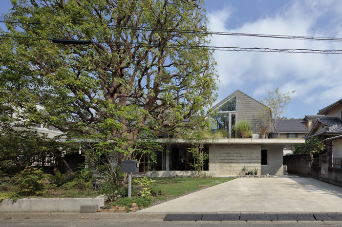 この画一的な住宅地の中で、クスノキが大きなシンボルであり、建物は居丈高に振舞うのではなく、街の中に埋まり、クスノキの傘の下に身を潜めたいと思った。
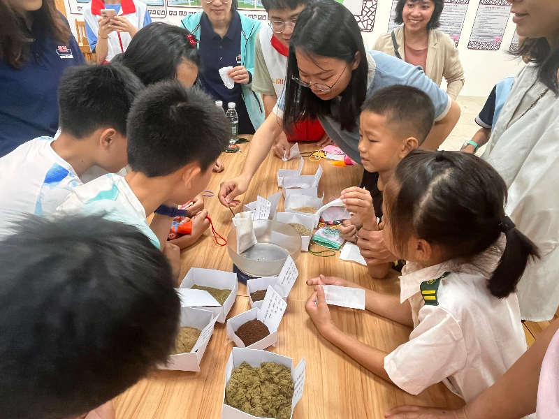 活动期间,孩子们还在中医师的指导下,体验了戥秤、碾船、捣药罐等传统中药房工具的使用,了解古人在精确称量、精细研磨和加工药材的工艺与匠心。活动尾声,承载着收获与欢乐的孩子们手持自制的香囊齐聚台前合影留念,定格这个充满文化馨香与健康暖意的夜晚。
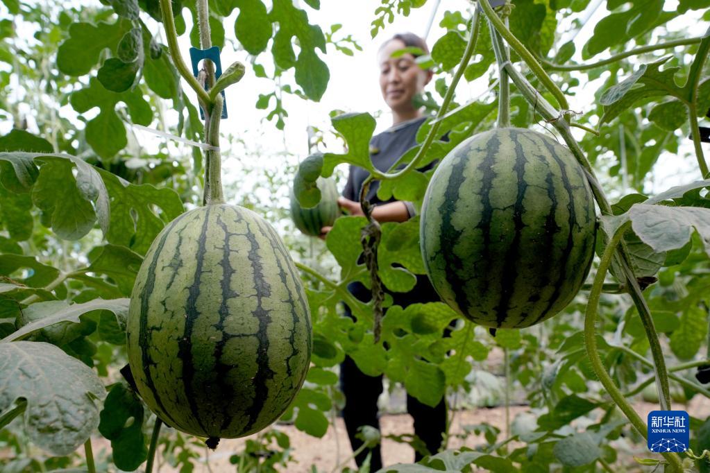 5月17日,河北省柏鄉縣春禾家庭農場(chǎng)工作人員采收吊秧西瓜。
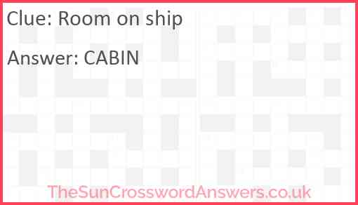 Room on ship is a crossword clue for which we have 1 possible answer and we have spotted 8 times in our database. This crossword clue was last seen on 02 April 2025 in The Sun Coffee Time Crossword puzzle!
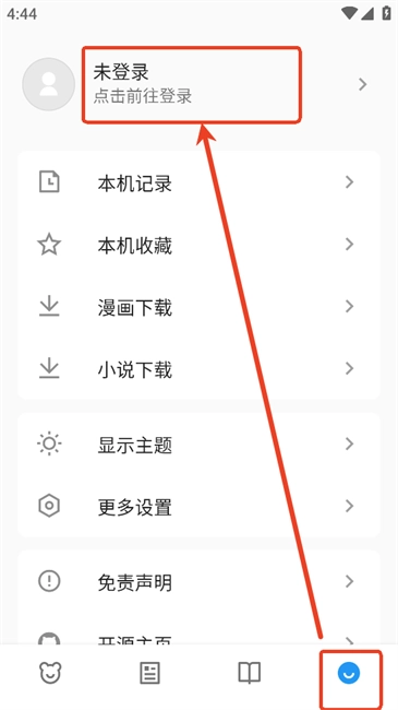 3.接着打开动漫之家x软件,点击我的--“未登录”
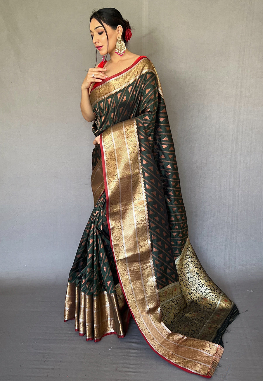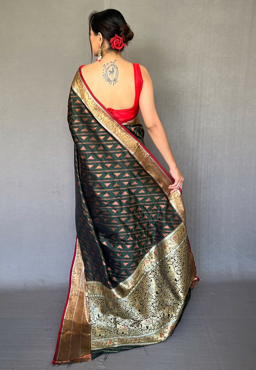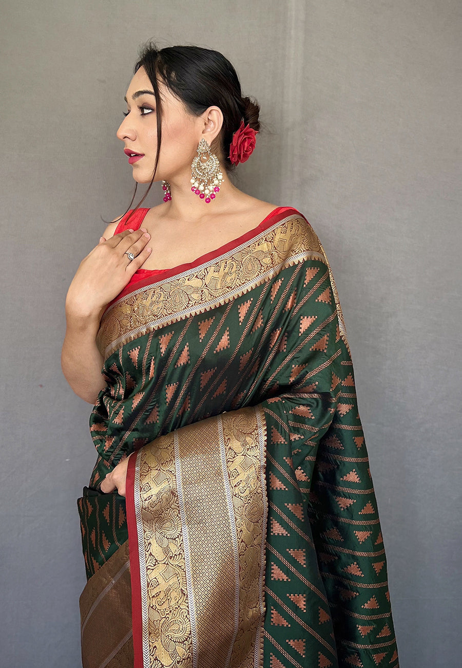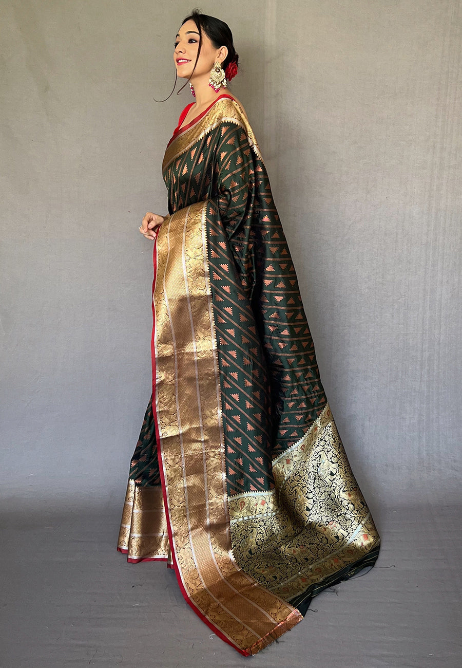 Bottle Green Aanchal Banarasi Silk Leheriya Copper Zari Woven Saree

TO DO » From the line that contains "5月17日,河北省柏鄉縣春禾家庭農場(chǎng)工作人員采收吊秧西瓜。" to the last line of the data above, inclusive, transcribe every line exactly and only those lines, omitting pictures.

WRITTEN SOLUTION »
 5月17日,河北省柏鄉縣春禾家庭農場(chǎng)工作人員采收吊秧西瓜。
 Room on ship is a crossword clue for which we have 1 possible answer and we have spotted 8 times in our database. This crossword clue was last seen on 02 April 2025 in The Sun Coffee Time Crossword puzzle!
 3.接着打开动漫之家x软件,点击我的--“未登录”
 Bottle Green Aanchal Banarasi Silk Leheriya Copper Zari Woven Saree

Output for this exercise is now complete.